Ordering Information
| Product Name | Catalog # | UNIT | Price | Qty | FAVORITES | |
CtBP2 Double Nickase Plasmid (h) | sc-401865-NIC | 20 µg | $410.00 | |||
CtBP2 Double Nickase Plasmid (h2) | sc-401865-NIC-2 | 20 µg | $410.00 |
Human CTBP2 encodes C-terminal binding protein 2 (CtBP2), a NADH-sensitive transcriptional coregulator that functions primarily as a corepressor by recruiting chromatin-modifying complexes, including HDACs and other epigenetic regulators, to sequence-specific transcription factors. CtBP2 influences gene programs controlling proliferation, lineage specification, epithelial–mesenchymal transition, and apoptosis, linking cellular metabolic state to transcriptional output. Through these activities, CtBP2 modulates pathways such as Wnt/β-catenin, TGF-β, and hypoxia-associated transcriptional networks, and helps shape chromatin accessibility and enhancer activity. Dysregulated CTBP2 expression or function has been associated with altered differentiation and tumor-associated transcriptional states, making it a useful target for mechanistic studies of transcriptional repression and metabolic control of gene regulation.
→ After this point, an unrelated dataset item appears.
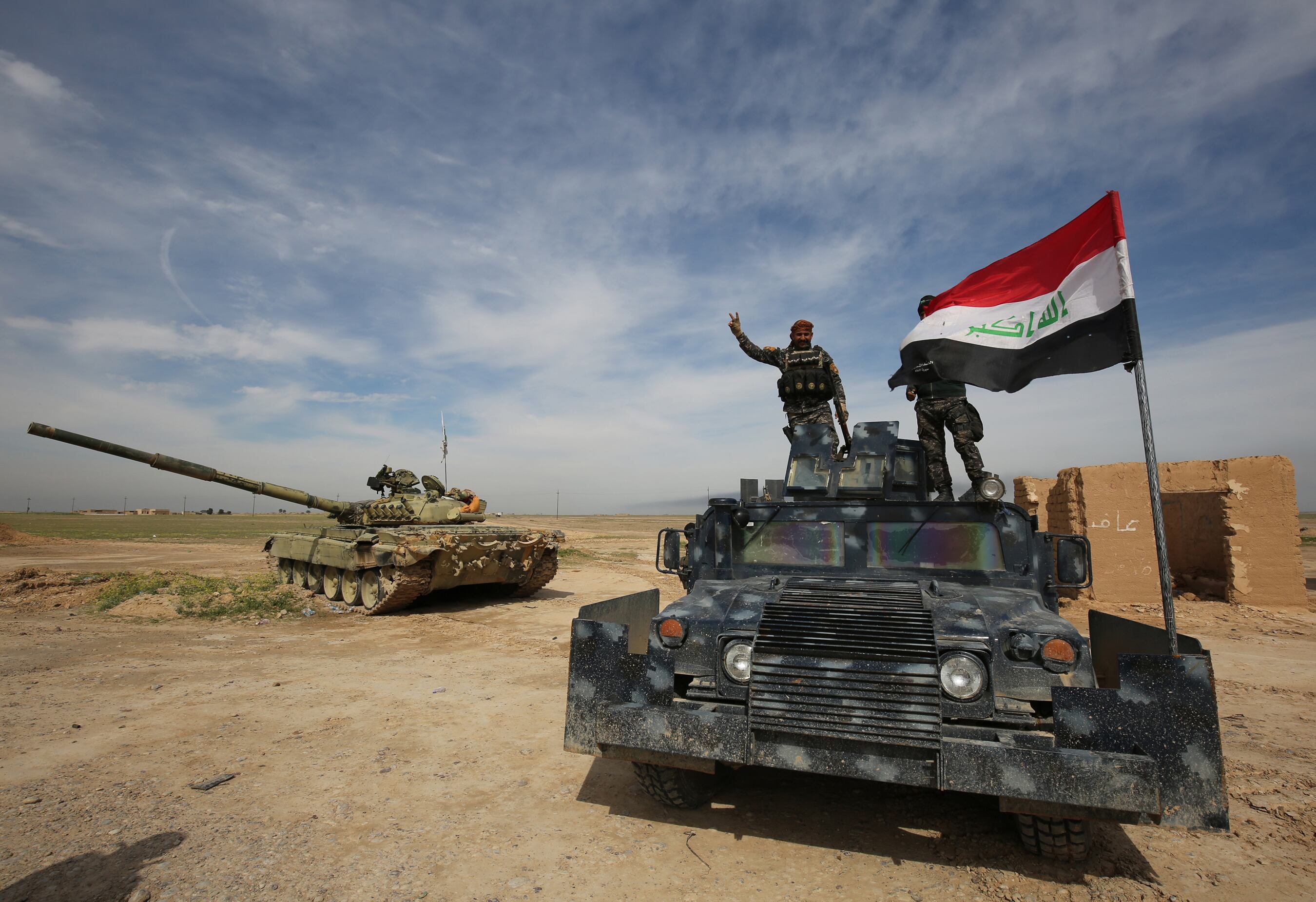 Iraqi Shiite fighters from the Popular Mobilisation units sit on a tank as they hold a position near Lake Thar Thar in the desert west of the city of Samarra on March 4, 2016, during a military operation aimed at retaking areas from the Islamic State (ISIS) jihadist group. =

CtBP2 Double Nickase Plasmid (h) consists of a matched pair of plasmids engineered for high-specificity editing of the CTBP2 locus in human cell lines. Each plasmid expresses a Cas9 D10A nickase and a distinct sgRNA targeting opposite DNA strands within CTBP2. When directed to adjacent sites on opposite DNA strands, the two nickases generate offset single-strand nicks that together produce a staggered double-strand break, requiring coordinated on-target activity from both guides. The resulting DNA break is resolved by endogenous cellular repair pathways, most commonly through non-homologous end joining (NHEJ), leading to insertions or deletions that disrupt CTBP2 function. By requiring dual sgRNA engagement at the target locus, the double nicking approach enhances editing specificity and provides a complementary CRISPR strategy for applications where additional control over targeting precision is desired.
To support efficient identification of edited cells, one plasmid encodes GFP for fluorescent visualization of transfected populations, while the companion plasmid carries a puromycin resistance gene for antibiotic selection. Together, these features support efficient enrichment of co-transfected populations and simplify the validation of CTBP2-disrupted clones.
For Research Use Only. Not Intended for Diagnostic or Therapeutic Use.